To provide some timely analysis after quickly reading the FTC's 4-1 approval of the Google-DoubleClick merger let me provide some quick and important take aways:

The most important line in the FTC's statement was: "the companies are not direct competitors in any relevant antitrust market, eliminating the need for further analysis."

First, the FTC majority clearly did not want to risk losing in court again so the FTC effectively gerrymandered a tortured market definition that essentially granted Google a "get out of antitrust jail free card" for the purposes of this merger review.  

  • That the FTC could conclude that the two leading online advertising companies that share the same clients, customers, users, business purpose and clickstream targetting data are not direct competitors in ANY relevant antitrust market -- stretches all credulity.
    • Under  this gerrymandered and tortured market definition standard -- essentially no company is a direct competitor of any other company because on the Internet, all companies are unique complementary players that only "complement" one another but never "compete" with one another.
  • By concluding they don't compete, the majority provides itself blanket justification and political cover for not looking seriously at the troublesome questions of market power, extension of market power, network effects, or cornering intermediary markets. They ducked em. How convenient.

Second, Google is now on antitrust notice. The majority said: "We want to be clear, however, that we will closely watch these markets and, should Google engage in unlawful tying or other anti-competitive conduct, the Commission intends to act quickly."

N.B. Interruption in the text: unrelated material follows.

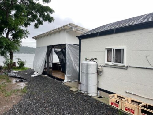 正面から裏手にまわって、海側の白い屋根の建物がお店、右側の黒い屋根の小屋が厨房になっています。
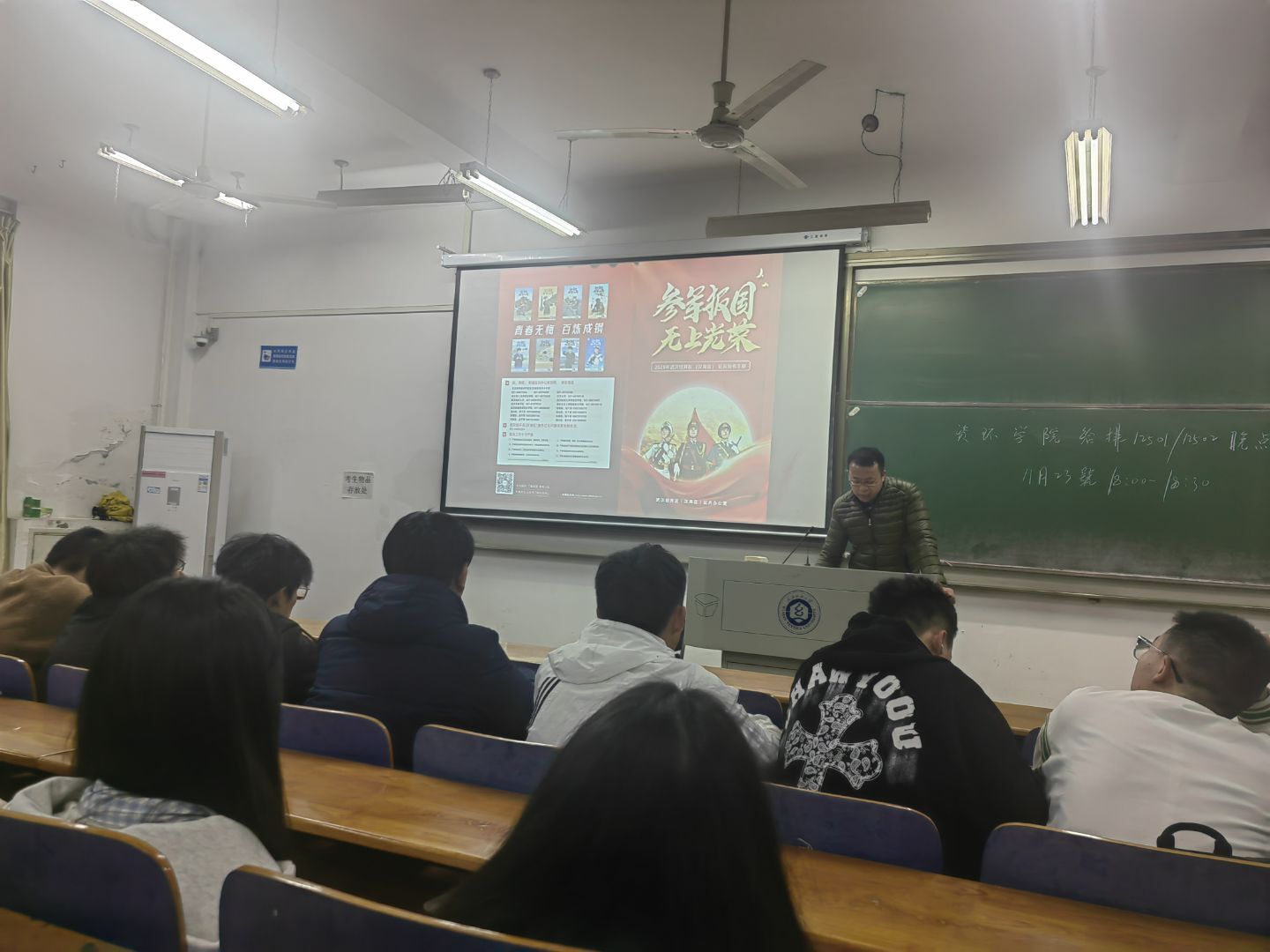 为通过身边人、身边事,更好的激发同学们参军入伍的激情,学院邀请今年退伍复兴的大学生士兵罗启兵开展征兵宣传朋辈交流活动。学院征兵联络员、2022级辅导员郁星从报名条件、选拔流程、福利待遇等方面进行了深入介绍,退役大学生士兵罗启兵以自己的军旅生涯为切入点,从为什么要入伍、入伍对自己的成长帮助、退役后回到学校的感受等方面进行分享,让同学们更加直观地感受到军人的风采和担当,号召同学们积极关注征兵工作,激发了同学们的爱国热情和报国志向。同时,组织有报名意愿的同学们加入2026年春季征兵宣传群,方便随时了解征兵政策和报名信息。

  • Make no mistake, Google put itself on the antitrust community's radar screen with this acquisition, and they will be watched very closely by market participants, the FTC, the EU, the press and others, including me.
  • This is not the end of Google's FTC antitrust scrutiny only the end of the beginning of Google's ongoing antitrust problems.

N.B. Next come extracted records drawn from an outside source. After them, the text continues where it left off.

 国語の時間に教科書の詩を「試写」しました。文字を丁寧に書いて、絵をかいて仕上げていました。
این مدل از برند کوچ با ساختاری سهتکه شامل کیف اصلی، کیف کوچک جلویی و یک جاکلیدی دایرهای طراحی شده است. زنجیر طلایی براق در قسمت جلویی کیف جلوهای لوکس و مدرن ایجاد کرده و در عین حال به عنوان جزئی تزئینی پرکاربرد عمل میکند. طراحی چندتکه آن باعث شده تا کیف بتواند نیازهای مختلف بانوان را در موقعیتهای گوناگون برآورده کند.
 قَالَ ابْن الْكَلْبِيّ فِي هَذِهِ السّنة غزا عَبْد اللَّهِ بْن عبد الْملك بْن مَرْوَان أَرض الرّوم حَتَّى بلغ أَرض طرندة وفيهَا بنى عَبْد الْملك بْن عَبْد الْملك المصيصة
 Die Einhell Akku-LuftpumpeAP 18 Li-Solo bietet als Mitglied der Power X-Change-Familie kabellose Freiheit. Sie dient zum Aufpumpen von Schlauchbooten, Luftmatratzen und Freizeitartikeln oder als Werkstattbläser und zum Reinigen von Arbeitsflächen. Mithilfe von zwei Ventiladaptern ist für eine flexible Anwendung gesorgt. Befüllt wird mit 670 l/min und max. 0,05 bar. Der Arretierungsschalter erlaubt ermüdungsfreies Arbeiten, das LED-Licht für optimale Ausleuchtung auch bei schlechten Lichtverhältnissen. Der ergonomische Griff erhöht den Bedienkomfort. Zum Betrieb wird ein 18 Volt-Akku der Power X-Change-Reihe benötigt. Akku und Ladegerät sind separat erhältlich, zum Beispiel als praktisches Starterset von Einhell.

Third, while the FTC majority clearly wanted to duck these potential problems for now, it is clear from Commissioner Harbour's detailed and powerful dissent, Commissioner Leibowitz' statement and the majority's statement that they will "closely watch these markets", that there are very serious potential anti-competitive problems at play here.  

In short, the FTC between the lines was saying that they don't feel confident looking forward much and acknowledging that the courts won't allow them much leeway in forward-looking judgments.

  • This "soft underbelly of antitrust law" will prove to be a very serious weakness in protecting competition in the dynamic Internet marketplace that Google is already dominating and will dominate further with the gift of acquiring DoubleClick -- if the EU also looks the other way on this transaction.